SELECT ... FROM tbl_name
  ORDER BY key_part1,key_part2,... ;

SELECT ... FROM tbl_name
  ORDER BY key_part1 DESC, key_part2 DESC, ... ;

You might be tempted to rewrite your queries to make arithmetic operations faster, while sacrificing readability. Because MySQL does similar optimizations automatically, you can often avoid this work, and leave the query in a more understandable and maintainable form. Some of the optimizations performed by MySQL follow:


Because work on the MySQL optimizer is ongoing, not all of the optimizations that MySQL performs are documented here.

  • Removal of unnecessary parentheses:

       ((a AND b) AND c OR (((a AND b) AND (c AND d))))
    -> (a AND b AND c) OR (a AND b AND c AND d)
  • Constant folding:

       (a<b AND b=c) AND a=5
    -> b>5 AND b=c AND a=5
  • Constant condition removal (needed because of constant folding):

       (B>=5 AND B=5) OR (B=6 AND 5=5) OR (B=7 AND 5=6)
    -> B=5 OR B=6
  • Constant expressions used by indexes are evaluated only once.

  • COUNT(*) on a single table without a WHERE is retrieved directly from the table information for MyISAM and MEMORY tables. This is also done for any NOT NULL expression when used with only one table.

  • Early detection of invalid constant expressions. MySQL quickly detects that some SELECT statements are impossible and returns no rows.

  • HAVING is merged with WHERE if you do not use GROUP BY or aggregate functions (COUNT(), MIN(), and so on).

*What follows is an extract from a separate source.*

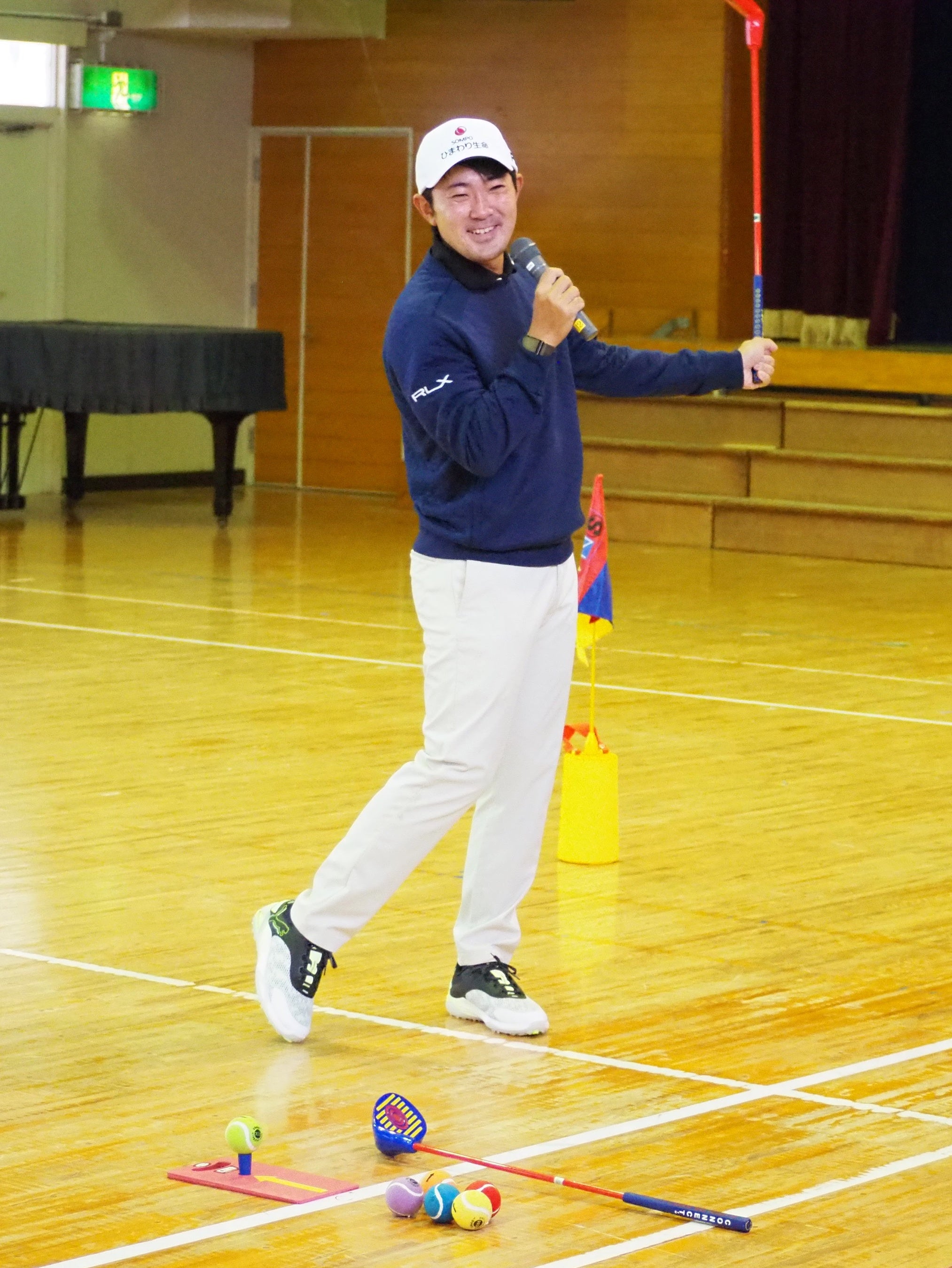 SOMPOひまわり生命保険株式会社(代表取締役社長:久米 康樹、以下「当社」)は、当社の所属選手であるプロゴルファー金谷拓実プロとともに、2025年12月24日(水)に広島県呉市立昭和北小学校にて、小学生を対象としたゴルフ体験イベント「金谷拓実プロ×SOMPOひまわり生命~金谷拓実プロとゴルフをやってみよう!」を開催しました。

  • For each table in a join, a simpler WHERE is constructed to get a fast WHERE evaluation for the table and also to skip rows as soon as possible.

  • All constant tables are read first before any other tables in the query. A constant table is any of the following:

    • An empty table or a table with one row.

    • A table that is used with a WHERE clause on a PRIMARY KEY or a UNIQUE index, where all index parts are compared to constant expressions and are defined as NOT NULL.

    All of the following tables are used as constant tables:

    SELECT * FROM t WHERE primary_key=1;
    SELECT * FROM t1,t2
      WHERE t1.primary_key=1 AND;
  • The best join combination for joining the tables is found by trying all possibilities. If all columns in ORDER BY and GROUP BY clauses come from the same table, that table is preferred first when joining.

  • If there is an ORDER BY clause and a different GROUP BY clause, or if the ORDER BY or GROUP BY contains columns from tables other than the first table in the join queue, a temporary table is created.

  • If you use the SQL_SMALL_RESULT option, MySQL uses an in-memory temporary table.

  • Each table index is queried, and the best index is used unless the optimizer believes that it is more efficient to use a table scan. At one time, a scan was used based on whether the best index spanned more than 30% of the table, but a fixed percentage no longer determines the choice between using an index or a scan. The optimizer now is more complex and bases its estimate on additional factors such as table size, number of rows, and I/O block size.

  • MySQL can sometimes produce query results using data from the index, without consulting the table data. If all columns used from the index are numeric, only the index data is used to resolve the query.

  • Before each row is output, those that do not match the HAVING clause are skipped.

Download this Manual
User Comments
  Posted by André Somplatzki on April 15, 2005
Indices lose their speed advantage when using them in OR-situations (4.1.10):

SELECT * FROM a WHERE index1 = 'foo'
SELECT * FROM a WHERE index2 = 'baar';

is much faster than

SELECT * FROM a WHERE index1 = 'foo' OR index2 = 'bar';
  Posted by Duncan Simpson on April 19, 2005
The query optimiser also does badly on examples like

SELECT id FROM foo WHERE bar IN (SELECT bar FROM baz WHERE qux='foo')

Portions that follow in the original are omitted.